Aggregate Functions: COUNT, MAX, MIN, SUM, AVG

Aggregate functions allow us to perform calculations on values across rows. Using them, we can start to do some pretty interesting data analysis. To specify a column to use for the aggregate, pass the column name as the argument in parentheses: e.g. COUNT (counted_column). Here’s a quick run through some useful aggregate functions:

COUNT()

How many contributors do we have from California?

SELECT COUNT(id) FROM contributors WHERE state = 'CA';

count_ca

The COUNT(id) function counts the number of unique ids. We could also have used COUNT(*), which will count the number of rows. The result will be the same.

COUNT() can also be used with DISTINCT to return the number of distinct instances. For example, how many distinct ZIP Codes are there in the table?

SELECT COUNT(DISTINCT zip)  FROM contributors;

Note that the the DISTINCT keyword comes inside the parentheses. It is part of the argument passed to COUNT().

distinct_zip

MIN() and MAX()

What is the maximum amount that any of our contributors has given?

SELECT MAX(amount) FROM contributors;

max_amount

SUM()

What is the total amount of contributions from Georgia?

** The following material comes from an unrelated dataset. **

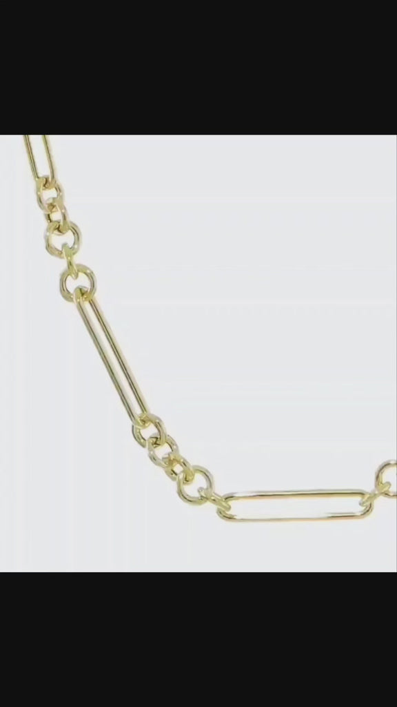 14K Gold Paperclip & Rolo Mixed Linked Chain Necklace Made in Italy
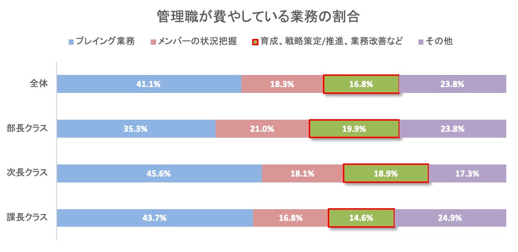 現場に近い次長・課長クラスでは、部長クラスに比べて「プレイング業務」に費やす割合が高く、メンバーの状況把握と創造的マネジメント業務に十分な時間を割けていないことが伺えます。特に、課長クラスの「戦略策定や実行、育成、業務改善など」に充てられている割合が低く(14.6%)、「プレイング業務(43.7%)」と「メンバーの状況把握(16.8%)」で業務の大半を占めてしまっている実態が見えてきました。

SELECT SUM(amount) FROM contributors WHERE state = 'GA';

sum_ga

AVG()

What is the average amount contributed?

SELECT AVG(amount) FROM contributors;

avg_amt

Of course, the usual caveats about using averages apply. I heard a nice example recently: “Which major at UNC produces graduates with the highest average salary?” Apparently, it was Geography - Michael Jordan’s major. Even if it isn’t true, it’s a nice warning about the way outliers can skew averages.